Toronto

Toronto auditor general finds city workers spending tens of thousands on orthotics, physio

Toronto’s auditor general wants more city oversight after finding some employees were spending thousands of dollars on massages, physiotherapy and in one case, dozens of pairs of orthotics.

Councillors back request for insurer to provide more information about employee benefit claims

Toronto's auditor general wants more city oversight after finding some employees were spending thousands of dollars on massages, physiotherapy and in one case, dozens of pairs of orthotics. (Credit unknown)

Toronto's auditor general wants more city oversight after finding some employees were spending thousands of dollars on massages, physiotherapy and in one case, dozens of pairs of orthotics.

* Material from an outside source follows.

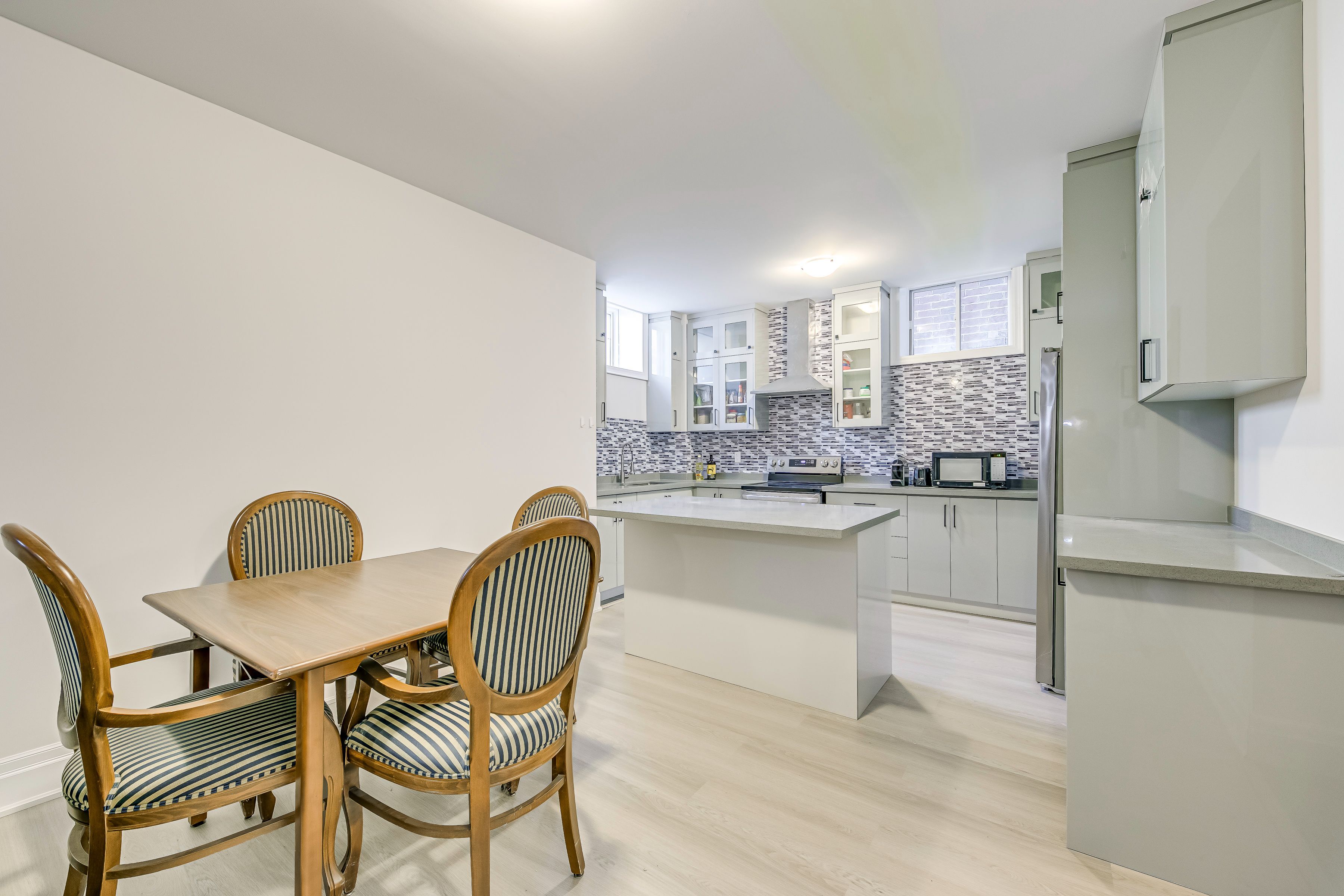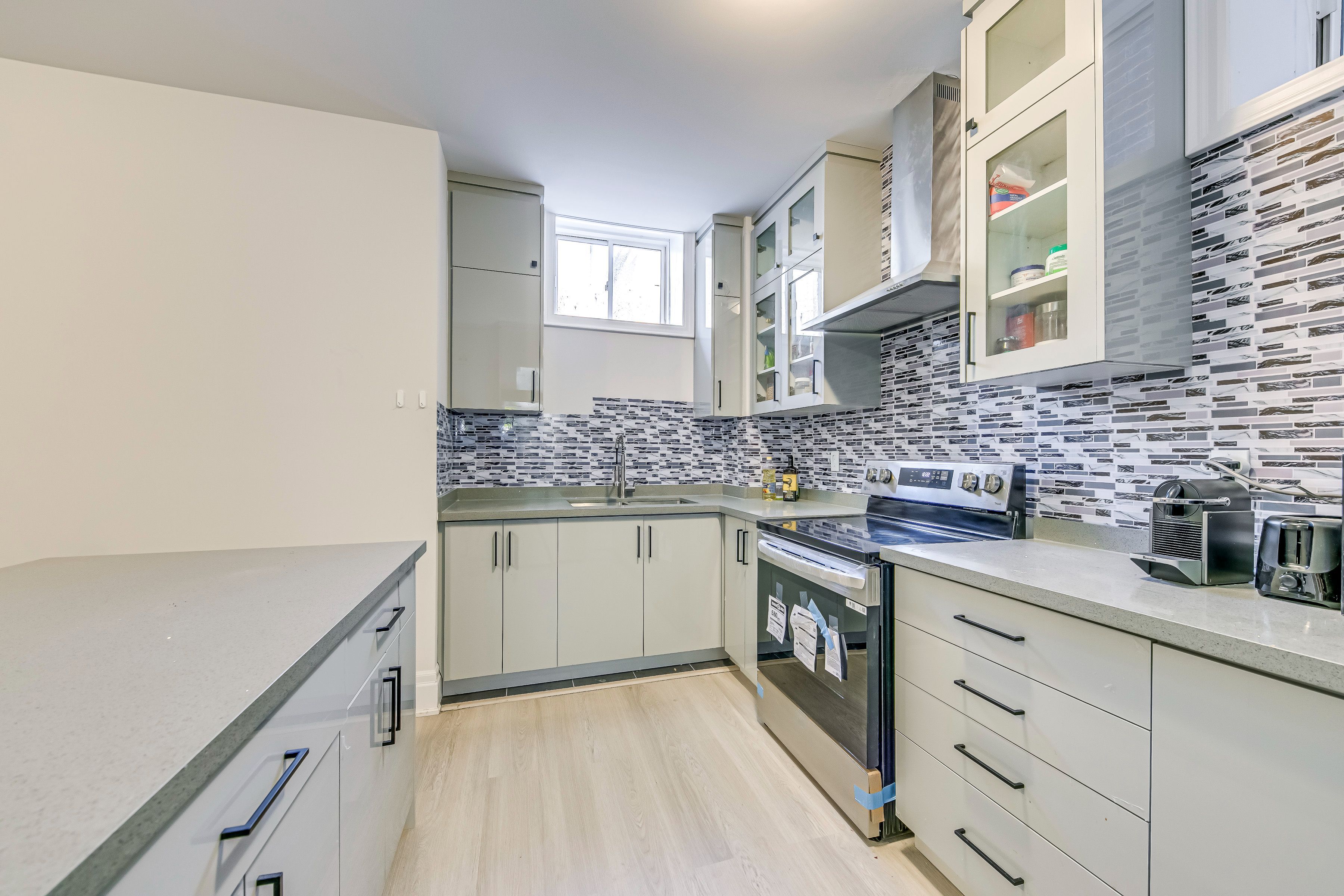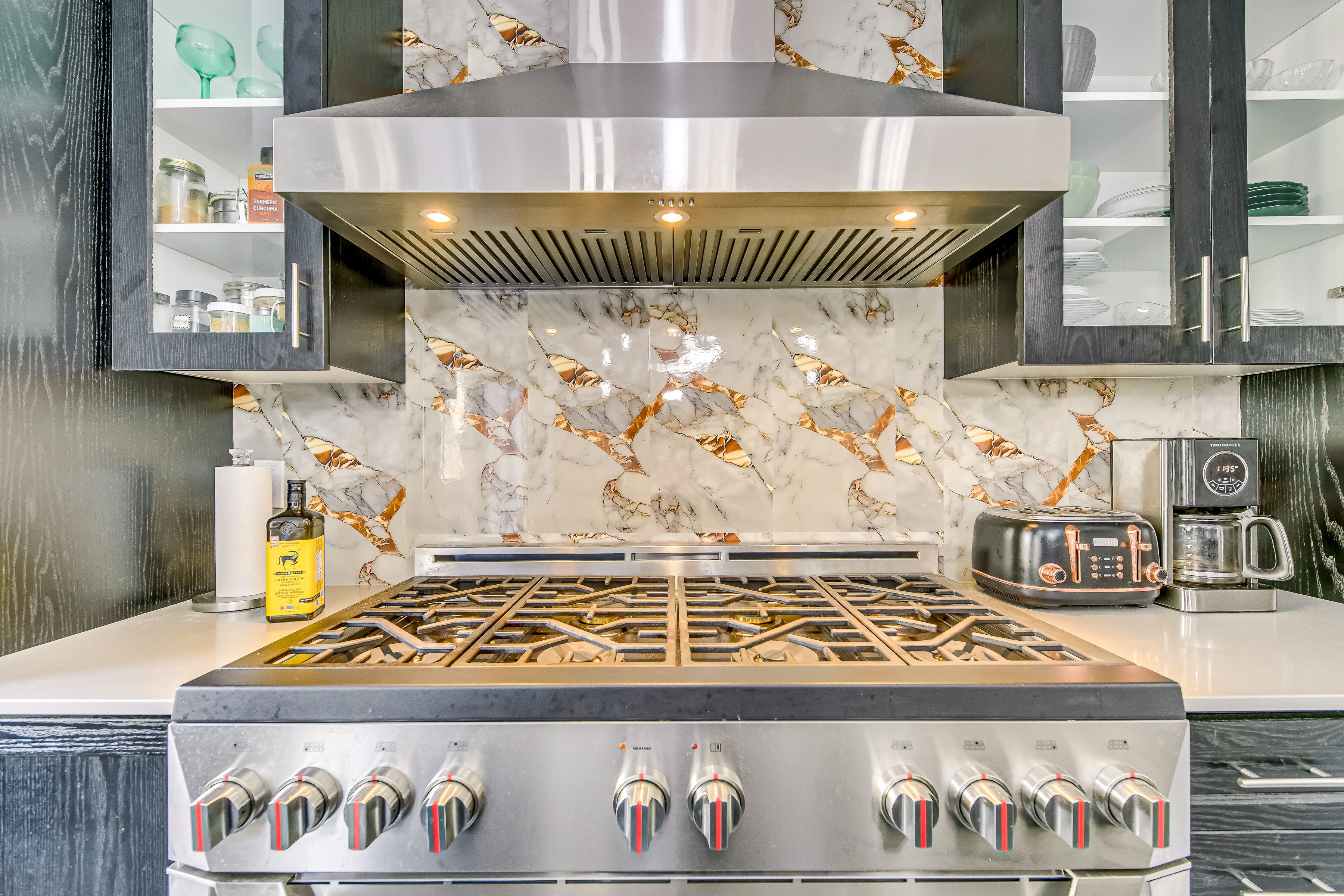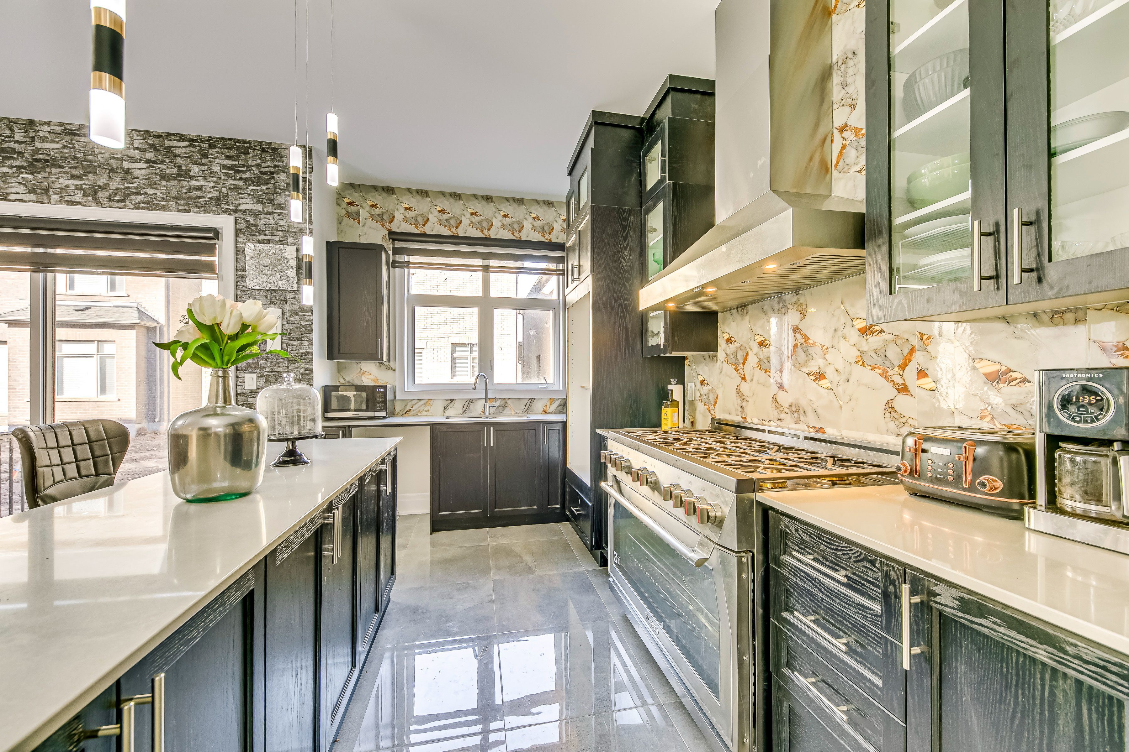 • Modern kitchen with high-end appliances, quartz countertops, and ample storage.

Auditor General Beverly Romeo-Beehler says many of those cases, dating back to between 2013-2015, appear suspicious, and is recommending that the city's insurer, Manulife, provide more information about medical providers in the future to prevent fraudulent claims.

Romeo-Beehler unveiled her findings last Friday at an audit committee meeting where the serious allegation that the city was losing millions due to potential bid-rigging by paving companies took centre stage. The findings are the second phase of an investigation into how employees are using the benefits plan, which the city spent some $229 million per year as of 2015. 

Here's some of what she found:

  • One family of six received massage therapy on the same day, six times in ten weeks, costing the city about $3,000. The auditor noted the same massage therapist signed off on all 5.5 hours of treatment.
  • One employee with three dependents received $28,500 after claiming 60 pairs of orthotics.
  • Several families claimed an "unusually large number" of medical braces, with one being reimbursed $38,000 over three years.
  • And 17 individuals claimed more than $10,000 worth of physiotherapy in one year

"Sickness is random — there's going to be people within a family that get physio," Romeo-Beehler said.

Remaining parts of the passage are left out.